Quanto tempo você viveria num ambiente realmente adverso? Seria capaz de se abrigar, alimentar e se sustentar sozinho num lugar inóspito, longe das cidades e dos amigos? Sem comida, eletricidade, água encanada, geladeira, fogão, televisão e internet? Tudo indica que não. Os humanos viraram escravos da tecnologia, das facilidades, dos confortos da vida moderna. Com os celulares, então, a coisa ficou ainda mais crítica. Muitos jovens paralisam-se, entram em pânico e perdem as referências quando apenas afastados de seus smartphones e demais eletrônicos. Sobre essa perigosa dependência, há a anedota que traduzo livremente como “garotada-tirou da tomada-não faz mais nada”. Como se fosse pouco, ainda inventaram a Alexa.

Inspirado por Thoreau, Whitman, Tolstoi, Von Humboldt e outros “outsiders”, nos anos 80/90 o ítalo-americano Gene Rosellini levou uma experiência de reclusão voluntária aos limites extremos. Atleta destacado, aluno exemplar na Universidade de Washington, notas acima da média, Gene lia obsessivamente livros de calistenia e artes marciais, praticando-as diariamente. Tornou-se um notável lutador de kung-fu, vencendo inúmeros torneios.
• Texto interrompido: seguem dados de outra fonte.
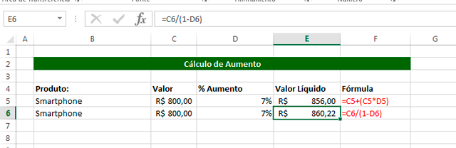 Em nosso exemplo o valor total está na célula B4 e o percentual na C4. Essa fórmula de porcentagem no Excel também pode ser aplicado ao fazer planilhas de investimentos. Para obter o resultado correto com essa fórmula use.

Um de seus colegas contou que Gene estava convicto de que a única saída para os humanos seria regressar a um estado primitivo das coisas, integrando-se totalmente à natureza.

Assim, com pouco mais de 30 anos, Gene Rosellini mudou-se para o Alasca dizendo-se “interessado em saber se era possível ser independente da tecnologia moderna”. Desprezando ferramentas existentes – machados ou serras, por exemplo – construiu uma choupana sem janelas onde passou a morar. Para cortar troncos e galhos Gene usava apenas pedras afiadas que exigiam horas, dias, semanas de trabalho árduo. Forte como era, não achava difícil.

Comia raízes, frutas silvestres; caçava com lanças e armadilhas que ele mesmo fabricava. Não usava roupas; só trapos e peles de animais. Suportava o inverno do Alasca praticando halterofilismo e musculação sobre a neve. No verão, Rosellini corria quilômetros por dia carregando um saco de pedras nas costas – como constatado por um dos raros vizinhos com quem Gene conversava.

A aventura durou mais de uma década. Para surpresa geral, aos 49 anos Gene Rosellini desistiu de seu experimento radical. Voltou a morar na cidade, arrumou um emprego temporário no comércio e planejou dar a volta ao mundo a pé, apenas com uma mochila. Infelizmente, o fracasso anterior deixara marcas profundas no seu psiquismo. Gene Rosellini suicidou-se antes da viagem, em casa. Sobre a mesa, o clássico bilhete de despedida: “Chegou a hora de enfrentar a realidade do viver e do morrer. Adeus.”

Cerca de um ano após sua morte, outro jovem – Chris McCandless, de pseudônimo “Alex Supertramp” – abandonou tudo para morar num ônibus velho também nos cafundós do Alasca. Seu drama virou o belo e inquietante filme “Na Natureza Selvagem”. Chris era admirador de Gene Rosellini, com quem trocava ideias a respeito da vida e do sentido de habitarmos esse mundo moderno e tantas vezes hostil, apesar de aparentemente acolhedor.

Em muitos casos, não há tecnologia, conforto ou facilidade que amenize as dores e indagações da condição humana. Além das crenças, esperanças, projetos futuros, carreiras profissionais e outras expectativas, só temos aquela inexorável certeza: a vida é um filme e todo mundo morre no fim. Quanto a esse roteiro que vale para todos, sem exceções – ricos, pobres, celebridades e anônimos – não há nada que possamos fazer para mudá-lo. Porém, ninguém precisa ser o mocinho ou o herói de sua própria história. Pelo menos, podemos tentar não fazer o papel do vilão mau-caráter, infernizando amigos, familiares, colegas de trabalho.

Acho que vale a pena refletirmos sempre sobre isso – longe dos celulares, tablets e computadores, de preferência.